A sector has a central angle of \( 40^\circ \) and an area of \( 20 \text{ cm}^2 \). Calculate the arc length of the sector.
In the figure below, \( \overset{\frown}{AB} \) and \( \overset{\frown}{DC} \) are arcs of concentric circles with center \( O \). The perimeter of figure \( ABCD \) is 22 cm. Calculate:
a) Angle \( \angle AOB \) (in radians)
b) The area of figure \( ABCD \)
The arc length formula is:
\[ \text{arc length} = r \cdot \theta \]
Given \( \text{arc length} = 2r \):
\[ 2r = r \cdot \theta \implies \theta = 2 \text{ radians} \]
The sector area formula is:
\[ \text{Area} = \frac{1}{2} r^2 \theta \]
Substituting \( \theta = 2 \):
\[ \text{Area} = \frac{1}{2} r^2 \cdot 2 = r^2 \]
Thus, the area of sector \( OAB \) is \( r^2 \).
The sector area formula is:
\[ \text{Area} = \frac{1}{2} r^2 \theta \]
Convert \( 40^\circ \) to radians: \( 40^\circ \times \frac{\pi}{180} = \frac{2\pi}{9} \).
Given \( \text{Area} = 20 \):
\[ 20 = \frac{1}{2} r^2 \cdot \frac{2\pi}{9} \]
\[ 20 = \frac{\pi r^2}{9} \implies r^2 = \frac{180}{\pi} \implies r = \sqrt{\frac{180}{\pi}} \]
The arc length formula is:
\[ s = r \theta = \sqrt{\frac{180}{\pi}} \cdot \frac{2\pi}{9} \]
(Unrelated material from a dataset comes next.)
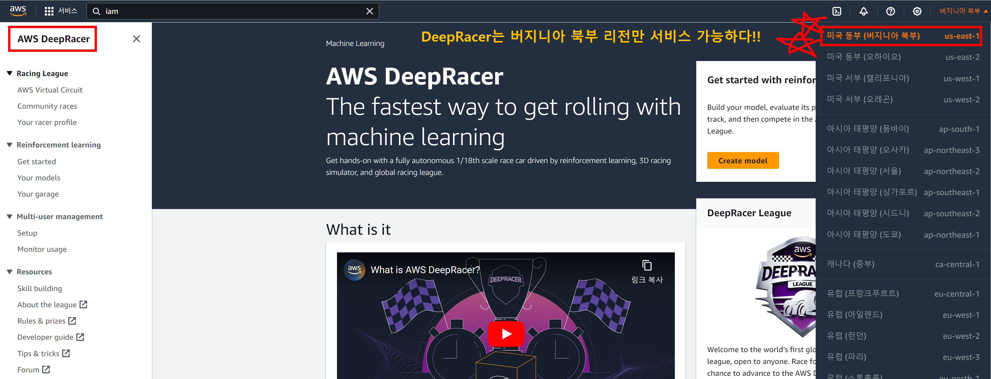 AWS DeepRacer 서비스는 버지니아 북부(us-east-1) 리전에서만 가능하다!

\[ s = \frac{2\pi}{9} \cdot \sqrt{\frac{180}{\pi}} = \frac{2}{9} \sqrt{180\pi} \]
\[ s = \frac{2}{9} \sqrt{36 \cdot 5\pi} = \frac{2}{9} \cdot 6 \sqrt{5\pi} = \frac{4\sqrt{5\pi}}{3} \]
Numerically: \( s \approx 5.3 \text{ cm} \) (to 1 decimal place).
Let \( \theta \) (in radians) be \( \angle AOB \). The perimeter is:
\[ \overset{\frown}{AB} + 6 + \overset{\frown}{DC} + 6 = 22 \]
Using arc length formulas:
\[ \overset{\frown}{AB} = 2\theta, \quad \overset{\frown}{DC} = 8\theta \]
Thus:
\[ 2\theta + 6 + 8\theta + 6 = 22 \]
\[ 10\theta + 12 = 22 \implies 10\theta = 10 \implies \theta = 1 \text{ radian} \]
Area of figure \( ABCD \) = Area of large sector − Area of small sector:
\[ \text{Area} = \frac{1}{2} \cdot 8^2 \cdot 1 - \frac{1}{2} \cdot 2^2 \cdot 1 \]
\[ \text{Area} = 32 - 2 = 30 \text{ cm}^2 \]